In the material below, write out each line word for word and omit the pictures.

Data section »
===============

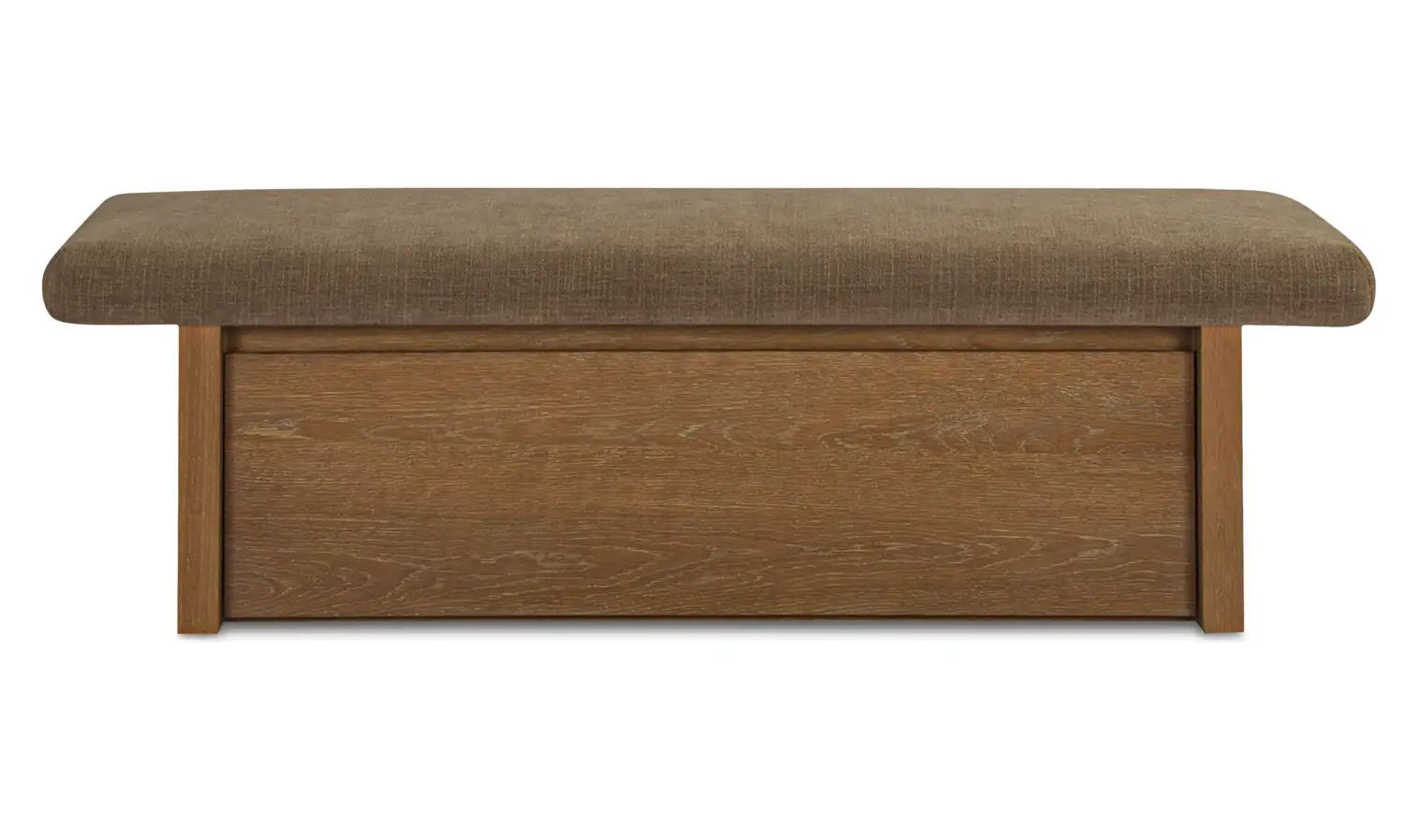 The Gemma storage bench marries contemporary elegance with versatile, functional design. Its generous, deep-seated top is wrapped in a soft, muted chenille, that effortlessly transitions the bench from entryway statement to sophisticated coffee table or seating at the foot of a bed. The recessed wooden base invites functional repose as a sleek wire-brushed drawer offers ample storage.
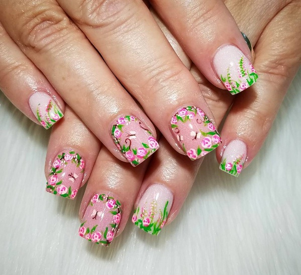 Decorate with blush hues: There’s nothing quite like pretty pink nails for the summer months, and a floral blush manicure can easily leave you feeling like a princess. Decorate your square tips with shimmery pale pink polish, and add intricate pink florals for a sweet garden-like vibe.
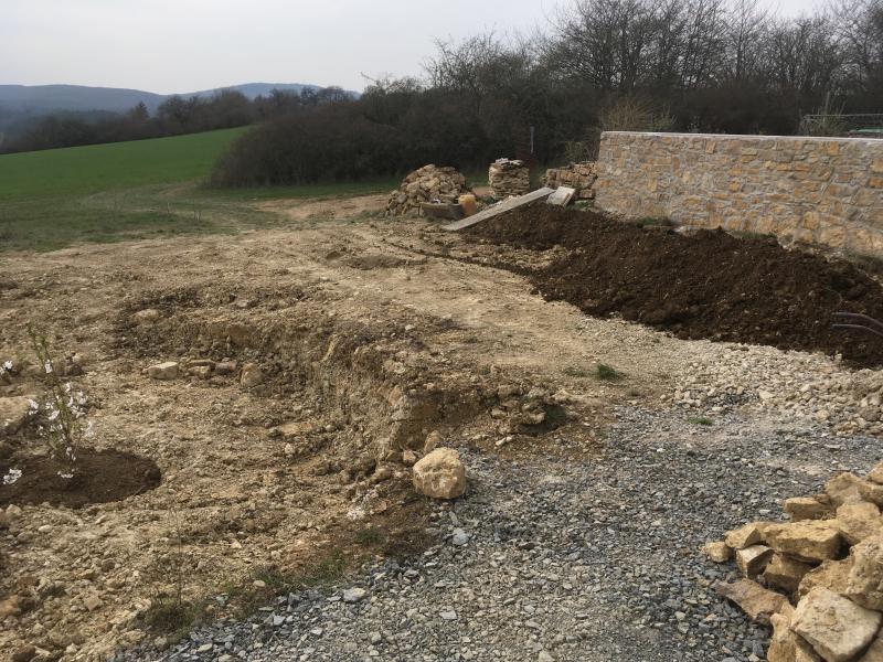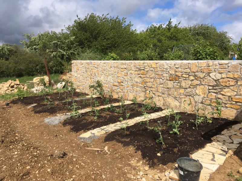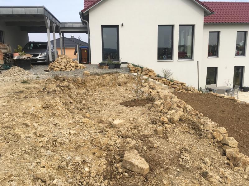 Der Sitzplatz wird noch mit den gleichen solnhofer Platten ausgelegt wie die Terasse. Die begonnenen Wege zwischen den Gemüsebeeten ebenso. Außerdem wird ringsum Rasen gesät, zwischen birkenbeet und Gemüsebeeten werden dann ebenfalls als trittsteine die Platten eingefügt

===============

Problem solution »
 The Gemma storage bench marries contemporary elegance with versatile, functional design. Its generous, deep-seated top is wrapped in a soft, muted chenille, that effortlessly transitions the bench from entryway statement to sophisticated coffee table or seating at the foot of a bed. The recessed wooden base invites functional repose as a sleek wire-brushed drawer offers ample storage.
 Decorate with blush hues: There’s nothing quite like pretty pink nails for the summer months, and a floral blush manicure can easily leave you feeling like a princess. Decorate your square tips with shimmery pale pink polish, and add intricate pink florals for a sweet garden-like vibe.
 Der Sitzplatz wird noch mit den gleichen solnhofer Platten ausgelegt wie die Terasse. Die begonnenen Wege zwischen den Gemüsebeeten ebenso. Außerdem wird ringsum Rasen gesät, zwischen birkenbeet und Gemüsebeeten werden dann ebenfalls als trittsteine die Platten eingefügt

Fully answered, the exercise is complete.